I'm Worried About My Child's Pronunciation of Speech Sounds! What do I do?


Photo By Chaojoker - Own work, CC BY-SA 3.0, https://commons.wikimedia.org/w/index.php?curid=18159837

I have been working in the field of pediatric speech-language pathology since 2004. A big part of the job is evaluating and treating articulation disorders. This is a fun part of the job for me because children can pronounce words and sounds all sorts of ways. Treating these errors and hearing improvements is exciting and rewarding!

Articulation is the fancy speech therapy word for how a child produces speech sounds. Sometimes, a child makes one or two specific sounds incorrectly such as wabbit for rabbit. Other children are very difficult to understand because they make errors on multiple speech sounds.

Parents often hear many of these errors in young children. But, they don't often know if the errors are age appropriate or warrant speech therapy. If your child is making errors, there are many things that a speech-language pathologist will consider when screening your child or evaluating them.

First, the child's age is important.
Research has been completed that shows when certain sounds should be developed. Click here to visit a developmental norms chart. From this, you can see that /p, b, m, w, h/ are the first sounds to be fully developed in a toddler. You can also see that /s, z, r/ takes a long time for many children to develop. We wouldn't expect a 3 year old to say the /r/ sound correctly, but we would definitely expect a 4 year old to have the /h/ sound developed. This chart of developmental norms is the best resource parents can use to check to see if their child should be expected to make a certain sound correctly.

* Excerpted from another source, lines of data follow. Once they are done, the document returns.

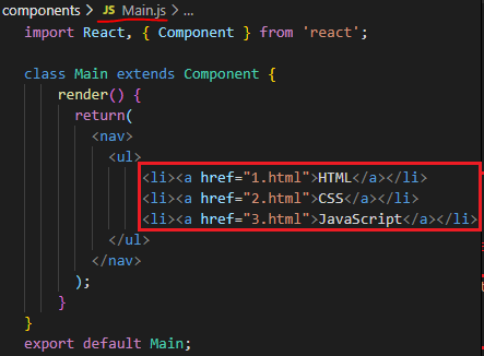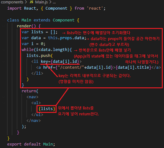 자, 원래 Main.js 코드이다. 빨간박스안의 하드코드를 쓰지않을거다. 하지만 결과는 똑같이 나오게 만들거다.
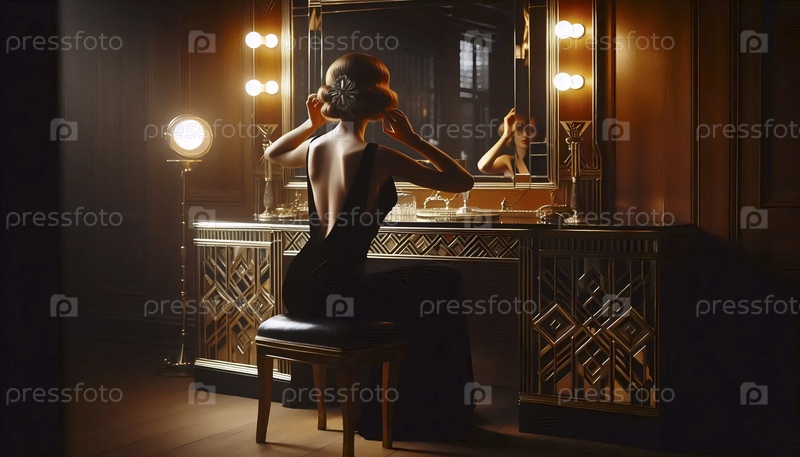 Женщина в черном бархатном платье с оболочкой на ар-деко суете, Ai generated image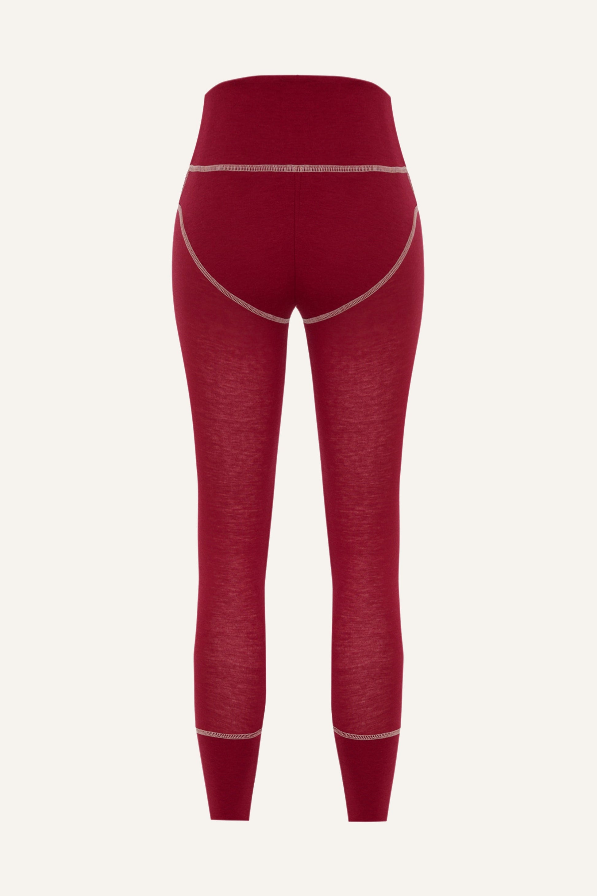 De duurzame Lyocell-wol gebeeldhouwde legging – bordeauxrood. Gebouwd om kracht te geven. Deze legging is beweging in zijn puurste vorm - gemaakt van een ademende mix van 70% lyocell en 30% wol, met een plasticvrije kern en crèmekleurige stiksels voor een designerafwerking.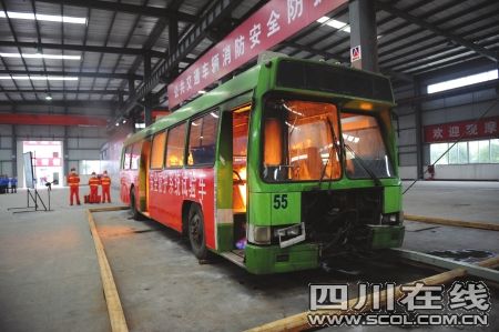 場上停著一輛綠色CFC6110D型公交車,正是與成都“6·5”放火案同類的車型。當(dāng)時(shí)車窗已全部關(guān)嚴(yán),車廂內(nèi)的上方安置了一根管道,管道上有幾個(gè)噴頭,過道的地上放置了格子,里面傾倒了汽油。車的頭尾部,科研人員作了控制、驅(qū)動等裝置的試驗(yàn)改動,一根長長的軟管通到控制臺處。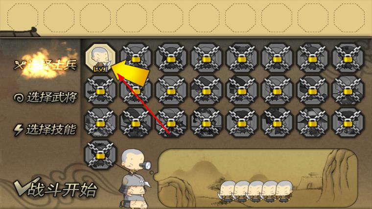 2、进入战斗准备界面,依次选择士兵、武将、技能,合理搭配战斗阵容,完成准备后点击战斗开始。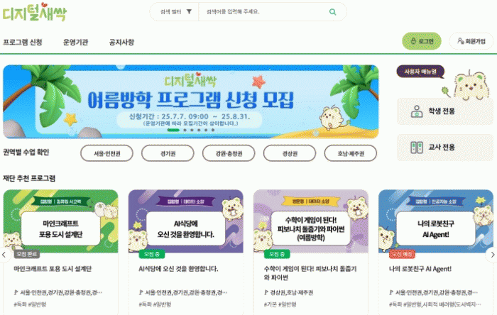 ½Åû ¹æ¹ýÀº 7¿ù 7ÀϺÎÅÍ 8¿ù 31ÀϱîÁö »ó½Ã ½ÅûÀ¸·Î ¿©¸§¹æÇÐ ±â°£À̸ç, µðÁöÅлõ½Ï ´©¸®Áý¿¡¼ ¿øÇÏ´Â ÇÁ·Î±×·¥À» ¼±ÅÃÇÏ¿© ½ÅûÇÒ ¼ö ÀÖ´Ù.

The American-Speech Language Hearing Association (ASHA) also provides good information on this subject.  ASHA reports that almost all children make some sort of speech sound errors while they are developing their speech. But, they report that all sounds should be developed by age 8.

Developmental norms for sounds are important, but the child's health history is equally important.
If a child has a history of ear infections or multiple sets of ear tubes, then we can understand why a child may make some speech articulation errors. If ear infections are an on-going problem, then this should be a factor that the speech-language pathologist considers. If a child has a diagnosis such as Down syndrome, then we know that the oral features may contribute to certain speech sound errors. Children with autism or intellectual disabilities may make errors in speech too, but they may not be able to complete formal testing at a young age due to their cognitive abilities. Speech-language pathologists can screen or evaluate children that fall into this category and decide if and when articulation therapy may be warranted or successful.

The type of errors the child makes is important.
A speech language pathologist listens to articulation errors and decides what kind of errors the child is making. These errors may be:
-distortions (i.e. a child makes an /s/ sound with his tongue protruding forward making it sound "off")
-substitutions (using a sound in place of another such as /w/ for /r/ or /t/ for /d/)
-omissions (leaving a sound off completely as in tu- for tub)
-additions (adding another sound in where it's not needed)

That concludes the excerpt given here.